In 2013, Dr. Lawrence, professor of neurology and pediatrics, was the first to suppress the extra chromosome that causes Down syndrome in cell cultures, using an RNA gene called XIST, a naturally occurring “off switch” responsible for neutralizing genes on the extra X chromosome found in female mammals. This process allows for a similar level of X chromosome-linked genes to be present in both men and women. More recently, Lawrence demonstrated that silencing the extra copy of chromosome 21 can effectively correct cell function and development to prevent the development of Down syndrome blood cell pathology in stem cells differentiated in culture.
“These proof-of-principle studies have shown that we can effectively neutralize the extra chromosome that causes trisomy 21 in the lab,” said Lawrence. “The next challenge is to test this potentially transformative approach in a mouse model.”
Humans are born with 23 pairs of chromosomes, including two sex chromosomes, for a total of 46 in each cell. People with Down syndrome are born with three (rather than two) copies of chromosome 21—known as trisomy 21. The key issue for individuals with trisomy 21, however, is that hundreds of genes are over-represented, resulting in a vast range of negative health outcomes, including cognitive disability; early-onset Alzheimer’s disease; and a greater risk of childhood leukemia, heart defects, and immune and endocrine system dysfunction. While great advances have been made to correct single-gene disorders, the genetic correction of hundreds of genes across an entire extra chromosome has remained outside the realm of possibility.
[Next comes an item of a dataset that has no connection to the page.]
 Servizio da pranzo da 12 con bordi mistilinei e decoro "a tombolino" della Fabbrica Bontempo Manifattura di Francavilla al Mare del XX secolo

It is not known which of the more than 200 genes on chromosome 21 are responsible for the various aspects of the syndrome, which suggested research to test the potential of essentially silencing all the genes on the extra chromosome.
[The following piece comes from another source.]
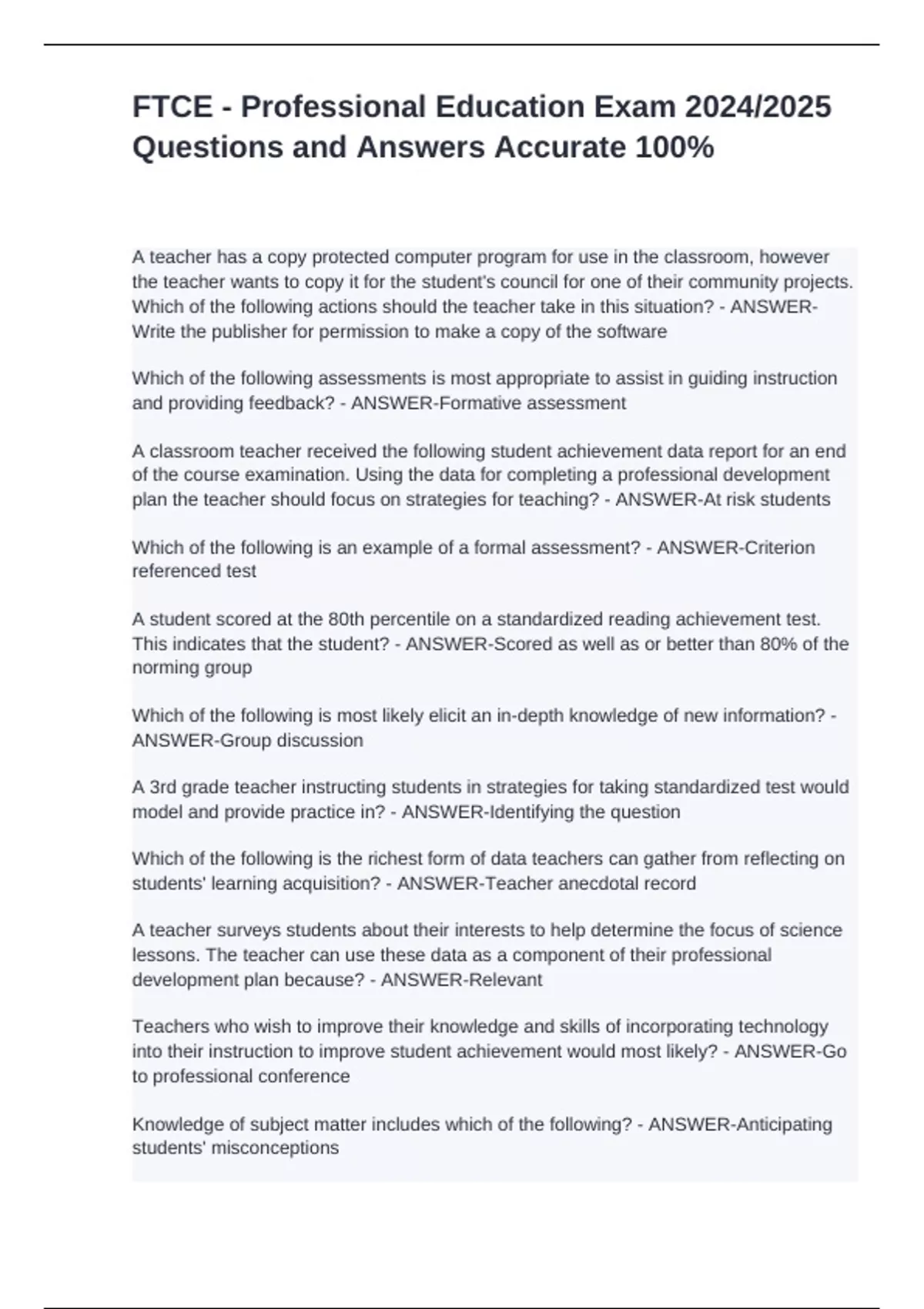 Questions and Answers Accurate 100%

Key to this approach is Lawrence’s previous research, which has been instrumental in establishing that non-coding RNAs can, through a complex series of genetic events, suppress expression of the X-chromosome. Collaborating with Dr. Rivera, associate professor of pediatrics and a mammalian development expert, Lawrence hopes to translate these laboratory results to an animal model. Rivera is the director of the UMMS transgenic animal modeling core; his lab recently developed a novel technology for using recombinant adeno-associated viral vectors to manipulate mammalian embryos and allow the development of genetically modified animals. They plan to use this and other transgenic technologies to test the chromosome silencing technique in a trisomic mouse model of Down syndrome.
Jun Jiang, PhD, assistant professor of neurology, who spearheaded the Lawrence lab work showing the potential of XIST for trisomy silencing in cultured cells, will serve as a bridge between the Lawrence and Rivera laboratories. The project will also use human cerebral organoids to study the potential for delivery of XIST and phenotypic effects in these 3-D culture models of human tissues.